Welcome and it is never too late, enjoy the journey.


----------



## 14 Kempo (Feb 7, 2009)

Welcome to MartialTalk ... I started at age 27, then not until age 47 for the kung fu ... just keep training!


----------



## arnisador (Feb 7, 2009)

Welcome! Good luck!


----------



## Drac (Feb 8, 2009)

Greetings and Welcome to MT....I didnt get real serious in the MA until my mid 40's..My age and 2 years off cigarettes have made me resemble Sammo Hung but I still train every chance I get..


----------



## DarkAzrael (Feb 8, 2009)

Thanks everyone! I am really interested in Krav Maga, I want to start training in that. I don't have a lot of time to train, but I am getting up an hour early M - F to get work outs in, and I am training a lot on the weekend.


----------



## tellner (Feb 8, 2009)

Krav Maga is very good stuff. I'm sure you'll enjoy and get a lot out of it.


----------



## stickarts (Feb 8, 2009)

welcome!


----------



## IcemanSK (Feb 8, 2009)

Welcome to MT.


----------



## seasoned (Feb 8, 2009)

Welcome aboard, and enjoy.


----------



## bluekey88 (Feb 9, 2009)

Welcome!


----------



## Steve (Feb 9, 2009)

Welcome.  I'll echo what everyone else said.  I started martial arts in my early 30's, but didn't start training BJJ until 36 years old.  I was very out of shape when I started, but lost 40 lbs in the first 6 months of training.  They just melted away.

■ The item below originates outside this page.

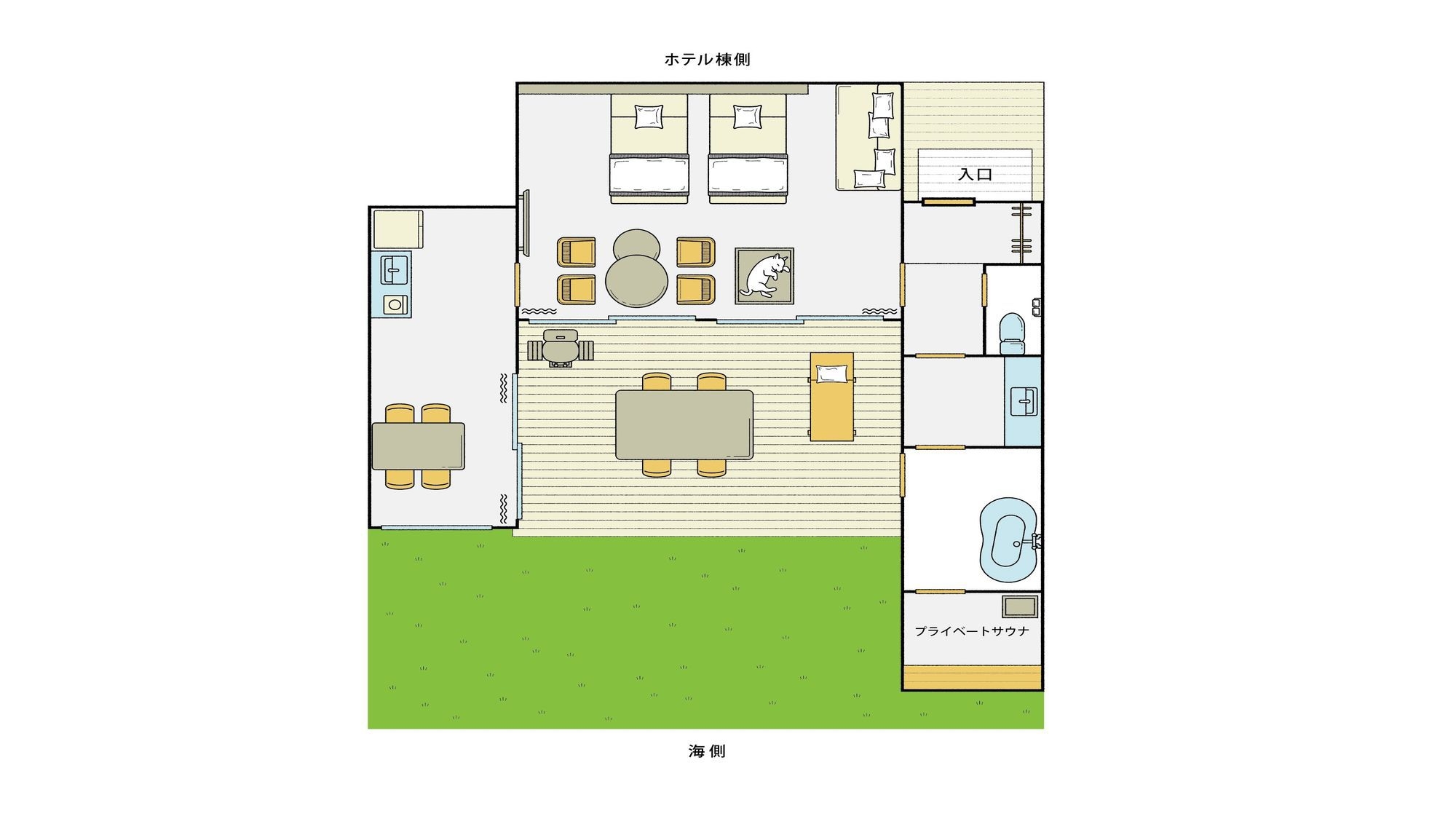 ※ワンちゃんルームは1階ヴィラ棟となります。ワンちゃんは専用出入口からご利用いただきます。

My advice is to just do what you want to do, but listen to your body and train smart.  I've seen so many guys come in and train like crazy for the first month and then just disappear.


----------



## MBuzzy (Feb 9, 2009)

Welcome to MT!  Happy posting


----------



## morph4me (Feb 9, 2009)

Hello, welcome to MT . It's never too late to start.


----------



## JBrainard (Feb 9, 2009)

Ave.


----------



## myusername (Feb 9, 2009)

DarkAzrael said:


> Hello,
> 
> I'm 27 and I am just getting into martial arts. Unfortunately after years in desk jobs and no time to work out I am not exactly in great shape. I want to get back into shape, and I have always had an interest in martial arts. Recently I have begun changing my diet and working out regularly.
> 
> Is it possible for me to learn, train, and get in shape, or am I hopeless at 27? Everything I read always says that people do this from early childhood. I am interested in Krav Maga, Muay Thai, and Kung Fu.... so if anyone has any advice it would be greatly appreciated.



Welcome to MT. It's never too late. I started training properly at 28 so a similar age to yourself and I am having a great time. Just go for it and have fun.


----------



## Hagakure (Feb 9, 2009)

Welcome.

Never too late mate, you'll get out what you put in. 

P.S Interesting moniker.... You a follower of the honoured first chapter...?  FOR THE LION!


----------



## Fiendlover (Feb 10, 2009)

Welcome!


----------



## OnlyAnEgg (Feb 16, 2009)

Welcome!  If you're hopeless at 27; then I'm just doomed.


----------